DATA EXTRACT Block Start

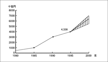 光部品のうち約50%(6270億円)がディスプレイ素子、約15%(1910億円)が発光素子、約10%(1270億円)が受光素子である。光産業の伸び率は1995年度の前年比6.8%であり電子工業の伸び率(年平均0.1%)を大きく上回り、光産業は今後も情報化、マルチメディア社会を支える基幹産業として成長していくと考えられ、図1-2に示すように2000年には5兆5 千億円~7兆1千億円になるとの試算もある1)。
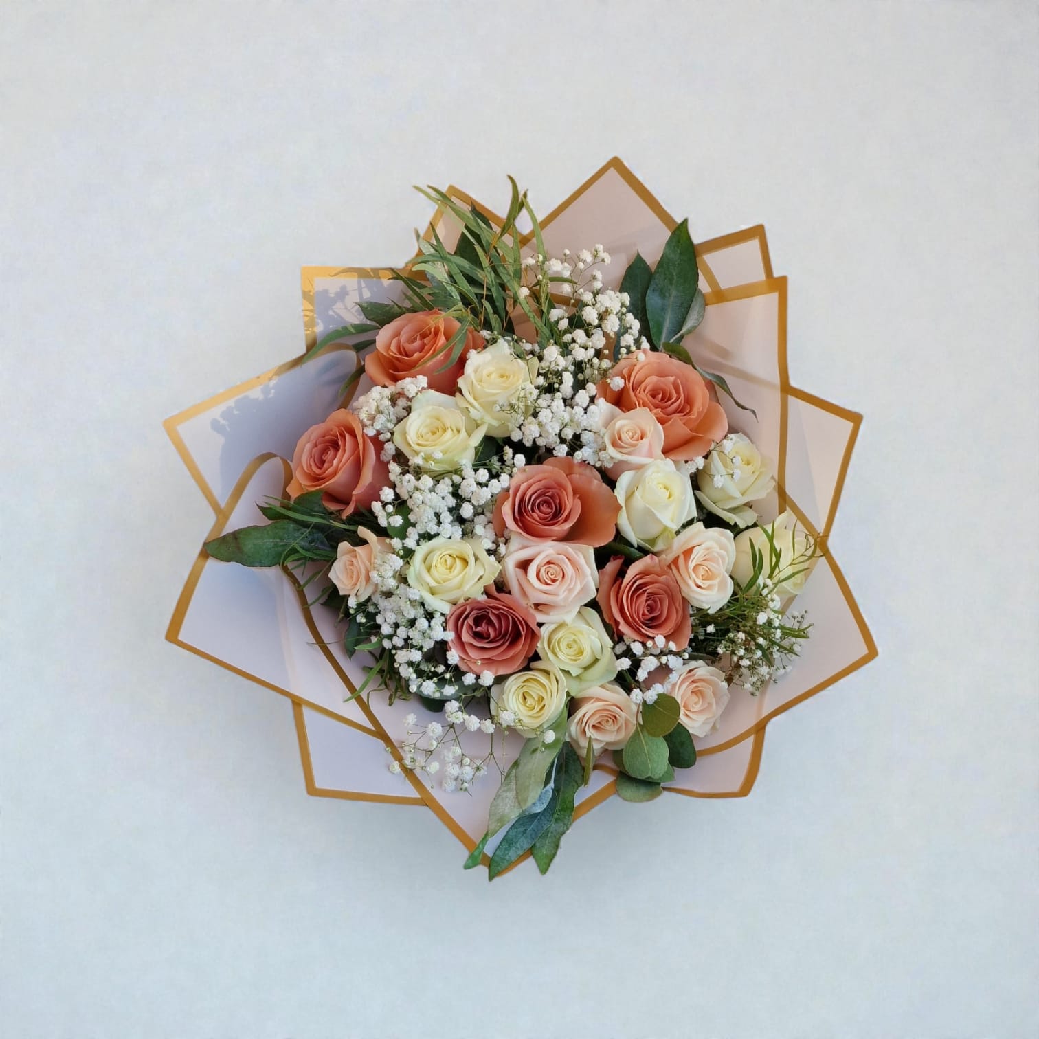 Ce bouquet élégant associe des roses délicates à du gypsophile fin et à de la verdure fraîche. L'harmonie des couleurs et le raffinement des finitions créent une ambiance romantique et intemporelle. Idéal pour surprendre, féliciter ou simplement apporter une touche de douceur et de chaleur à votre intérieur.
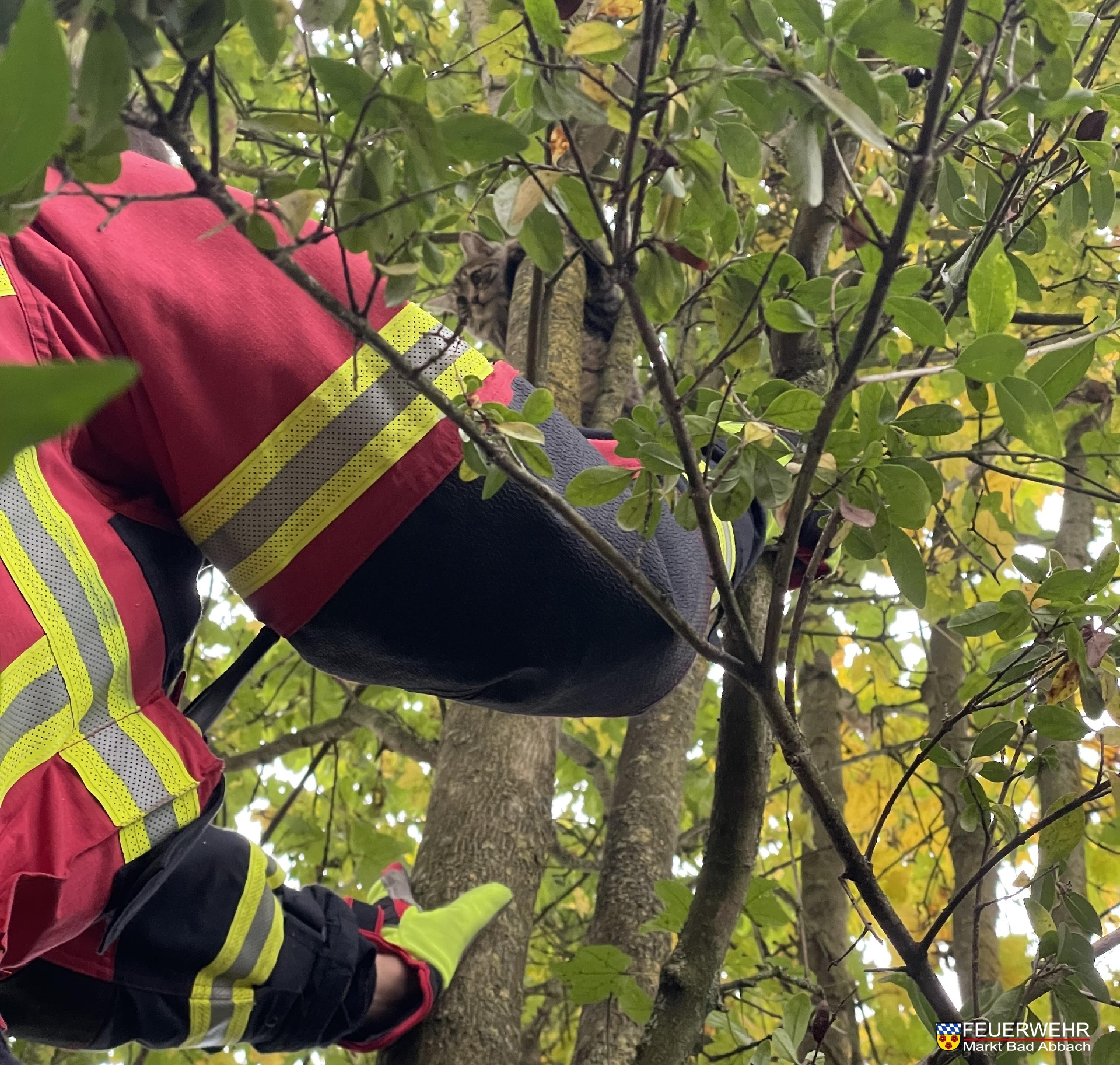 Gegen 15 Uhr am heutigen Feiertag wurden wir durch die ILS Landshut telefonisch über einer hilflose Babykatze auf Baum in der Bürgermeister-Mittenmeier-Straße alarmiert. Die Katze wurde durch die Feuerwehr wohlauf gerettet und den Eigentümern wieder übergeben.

DATA EXTRACT Block End

● **EXERCISE REQUIREMENTS**:
Copy the material verbatim. The pictures are not part of the copy.

● **YOUR RESPONSE**:
 光部品のうち約50%(6270億円)がディスプレイ素子、約15%(1910億円)が発光素子、約10%(1270億円)が受光素子である。光産業の伸び率は1995年度の前年比6.8%であり電子工業の伸び率(年平均0.1%)を大きく上回り、光産業は今後も情報化、マルチメディア社会を支える基幹産業として成長していくと考えられ、図1-2に示すように2000年には5兆5 千億円~7兆1千億円になるとの試算もある1)。
 Ce bouquet élégant associe des roses délicates à du gypsophile fin et à de la verdure fraîche. L'harmonie des couleurs et le raffinement des finitions créent une ambiance romantique et intemporelle. Idéal pour surprendre, féliciter ou simplement apporter une touche de douceur et de chaleur à votre intérieur.
 Gegen 15 Uhr am heutigen Feiertag wurden wir durch die ILS Landshut telefonisch über einer hilflose Babykatze auf Baum in der Bürgermeister-Mittenmeier-Straße alarmiert. Die Katze wurde durch die Feuerwehr wohlauf gerettet und den Eigentümern wieder übergeben.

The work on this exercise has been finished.